Das Verborgene Museum

Women artists in dialogue: Free forms and bold colours

11th April – 11th August 2019

Das Verborgene Museum shows landscapes, effigies and poupées portraits. The German-Latvian artist Johann Walter-Kurau, who ran a painting school in Dresden from 1906 and in Berlin from 1917 to 1932, was especially popular with women on the course because he supported them on the difficult road to a professional career. Women still had to rely on private art lessons because, until the Weimar Republic was founded in 1919, they were not admitted to art academies.

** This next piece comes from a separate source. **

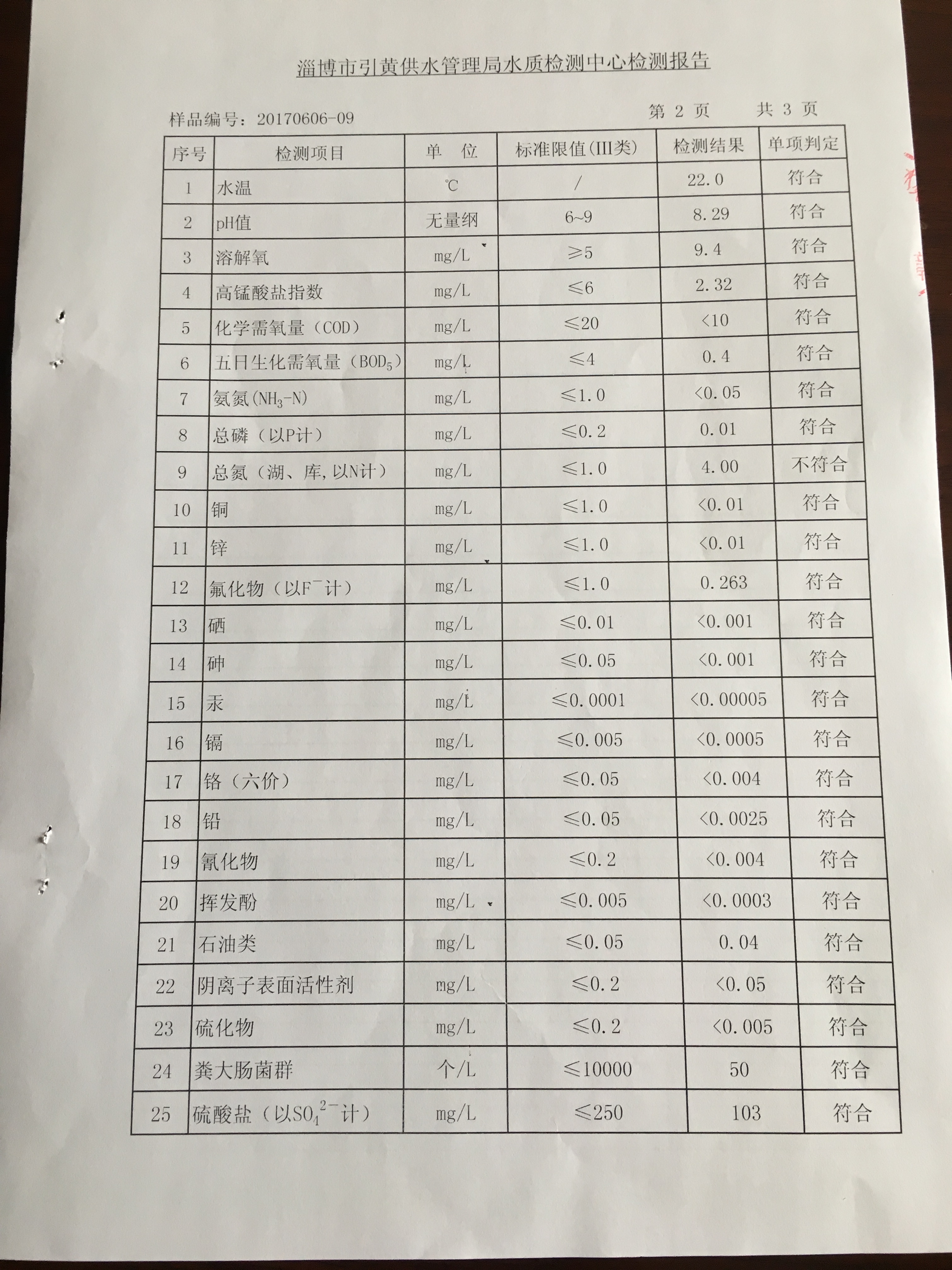 淄博灃泰供水服務有限公司地表水檢測月報表

Views of nature by Walter-Kurau’s students range from lofty perspectives across valleys and lakes to close-ups of tree clusters and flowering meadows. The plein-air situation explains the small format of the card, barely 25 x 30 cm, attached to the lid of a wooden paint box with drawing pins. Else Lohmann’s stylistic independence clearly grew between 1917 and 1921. There are landscapes broken up into geometric shapes under the influence of Expressionism, like when red roofs tilted into the plane dominate the work along with sunlit slopes. In her studio, her portraits in the style of New Objectivity acquired formats of up to 90 x 80 cm. Other female artists who attended Walter-Kurau's school were Minna Köhler-Roeber, Ilse Heller-Lazard, Elisabeth von Schulz, Bettina Encke von Arnim. In addition, paintings by Käthe Loewenthal, Augusta von Zitzewitz, Else Hertzer, Martel Schwichtenberg, Grethe Jürgens and others can be seen in the exhibition.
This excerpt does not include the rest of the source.